I Review Children's Books: The Little Red Caboose

I Review Children's Books: The Little Red Caboose

Marian Potter’s The Little Red Caboose is a Little Golden Book classic illustrated by Tibor Gergely of The Happy Man and His Dump Truck infamy. The central character is the eponymous Caboose, who spends most of the book sighing wearily over the structural inequalities of train life: he’s the caboose, and thus, always last. He doesn’t object to being last as such; it’s just that children wave to the engine and other cars up front, but apparently even in 1953 children lacked the attention span to remain attentive through the passing of an entire train. Before the caboose can make his appearance, they go back to playing marbles or Pokémon or whatever it is the kids of the generation you want to grumble about are always being distracted by, and the Caboose gets NO LOVE.
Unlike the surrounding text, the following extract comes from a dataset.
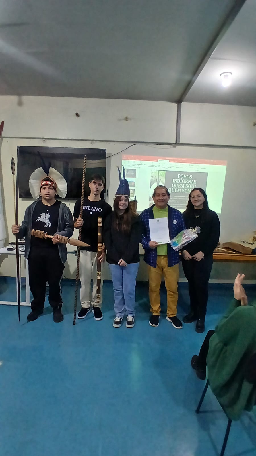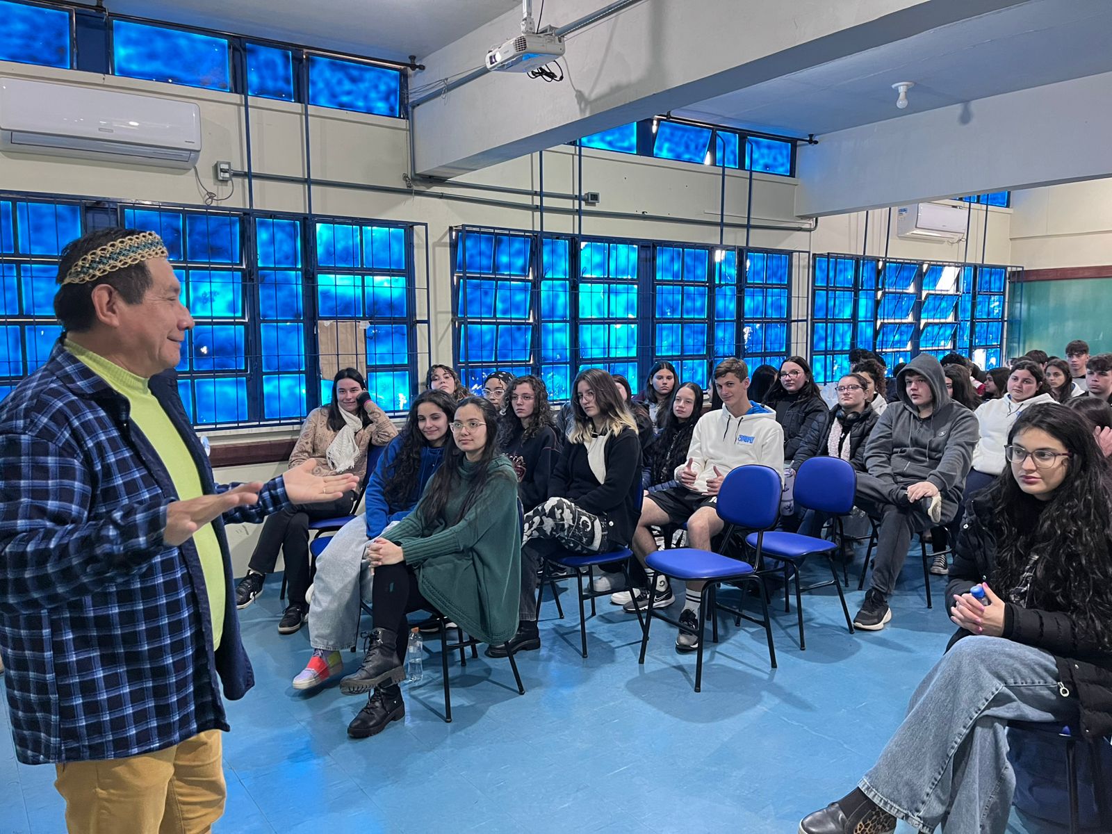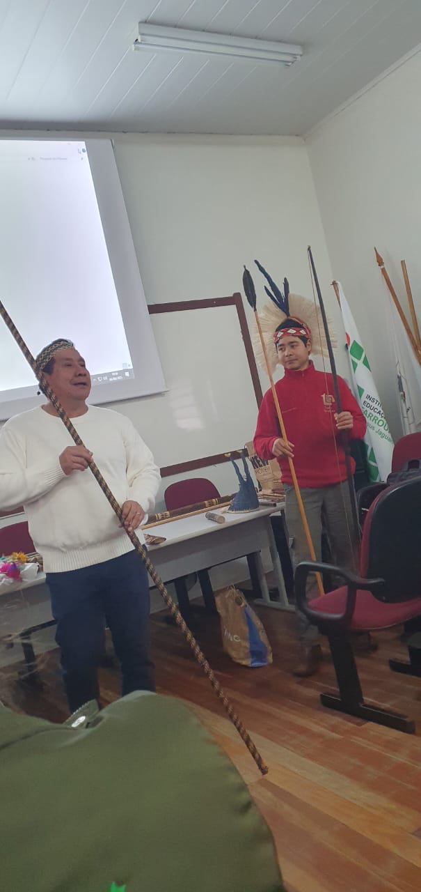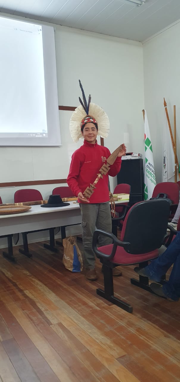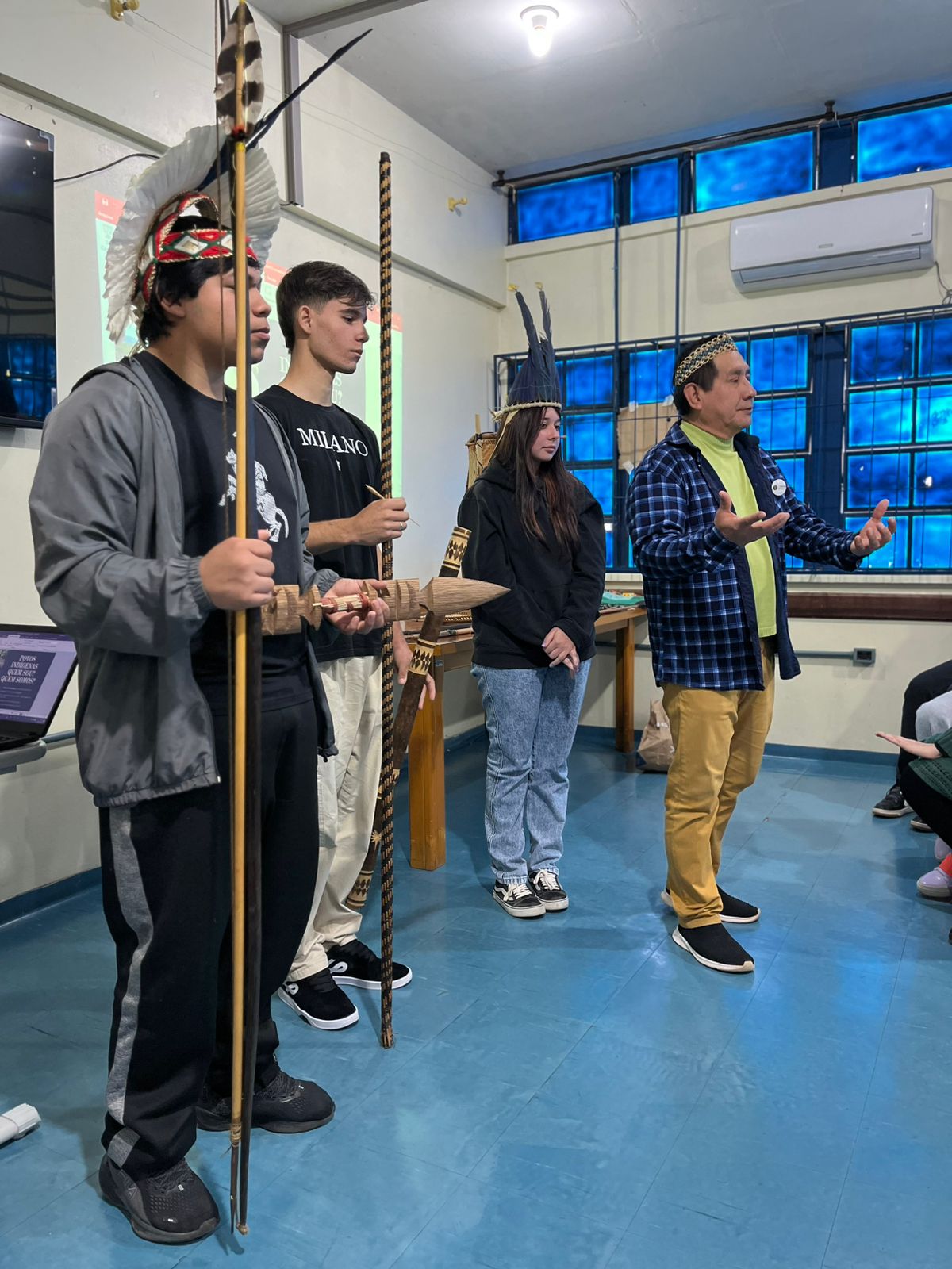 Durante sua fala, Valdélio compartilhou experiências com os participantes, trouxe informações, curiosidades e fez uma exposição explicada de artefatos indígenas, despertando o interesse dos estudantes. Esta atividade teve como objetivo principal reforçar a importância da valorização, da preservação e do respeito às culturas, línguas, tradições e direitos dos povos originários em todo o mundo."

Like John Milton in his 1673 sonnet “On His Blindness”, the Caboose questions whether he has anything to offer God/the world when he is relegated to a life of blindness/anonymity and social invisibility. “Doth God exact day labor, light denied,” he asks the woodland creatures that are paying him no attention as he passes them. Milton’s themes, of course, make fantastic source material for preschool age children: when aren’t they being prevented by circumstance from pursuing their passions? Who’s to say that my sixteen-month-old isn’t at this very moment lying in her crib wondering if I’m not allowed to play in the dog’s water dish, what am I even here for?

The sad Caboose gets his answer at the climax of the plot, when the train has attempted to climb a “long tall mountain,” it does not have sufficient engine power to climb. When the train starts to slide back down the mountain, the Caboose performs the heroic act of engaging his brakes. It’s a riveting action sequence. Just kidding, it’s about as riveting as watching someone engage the parking break on a steep driveway—but that’s not the point. The point is that the Caboose puts on the brake and holds the train until a couple more engines (engines that obviously should have been hooked up to the train in the first place; I hope CSX is doing some kind of internal audit on this incident) can show up and push it to the top. Or, as Milton put it in the original:
 

Thousands at his bidding speed
And post o'er land and ocean without rest:
They also serve who only stand and wait.


This is the moment Potter’s version derails (sorry/not sorry). After teasing the surprising and delightful idea that simple existence in whatever state one finds oneself is laudable, the story ends with the Caboose raised to mythic level, and children the world over saving “their biggest waves” for the Caboose because the Caboose “saved the train.” First of all, this is preposterous. When was the last time anyone told their kids a story about a train wreck that didn’t happen? (NB: me, last night, when I read this book to my kid). I'm trying to imagine someone actually telling their child “There was almost a train wreck! but the Caboose had functional brakes, so there was not a train wreck!” and the child feeling anything at all, other than maybe disappointment that they missed the jolly smash that might have resulted were the brakes less functional. Second, because the Caboose is so focused on praise and adulation, the lesson becomes “do things that will make people rally and cheer for you” rather than “be what you are, what you are is enough.” You know who embraces the former lesson? Donald Trump.


Also, we have to talk about one more thing. The Little Red Caboose was published in 1953. Most of Gergely’s illustrations are just fantastic tapestries of animals and people in varied and lively landscapes, their range of activities and energy both delightful to explore with a toddler and effective at creating contrast with the ignored Caboose. We love to look at the rowboats and the swimmers and the horse carriages and the foxes and the mountain climbers and MOST OF ALL the LOGGERS. But there’s this one page that depicts “Indians” that . . . would not be included in a book published in 2016. Or so one hopes. Admittedly, it’s the only page that depicts people who aren’t white/European looking, but any welcome diversity is undermined by the depiction of tepees, war bonnets, papooses, and other deeply stereotypical trappings of Hollywood Indians.

(And also horse punching?)

(And also horse punching?)

I mean, imagine if this page were replaced with one that showed the train passing the encampment at Standing Rock! Imagine if the ending were revised and the Caboose were to not only embrace his ability to put on the brakes, but to find satisfaction in having been what he is, rather than in finally receiving acclaim! But look, you and I both know that Random House isn’t going to issue an updated version of The Little Red Caboose, so, sure, if you find a copy of The Little Red Caboose at a garage sale, (like my aunt did) buy it if you want to take the time to talk about this page with your kid. But keep in mind that you could also just read your kid some Milton instead and buy her a couple books from the AICL list of recommended books about American Indians.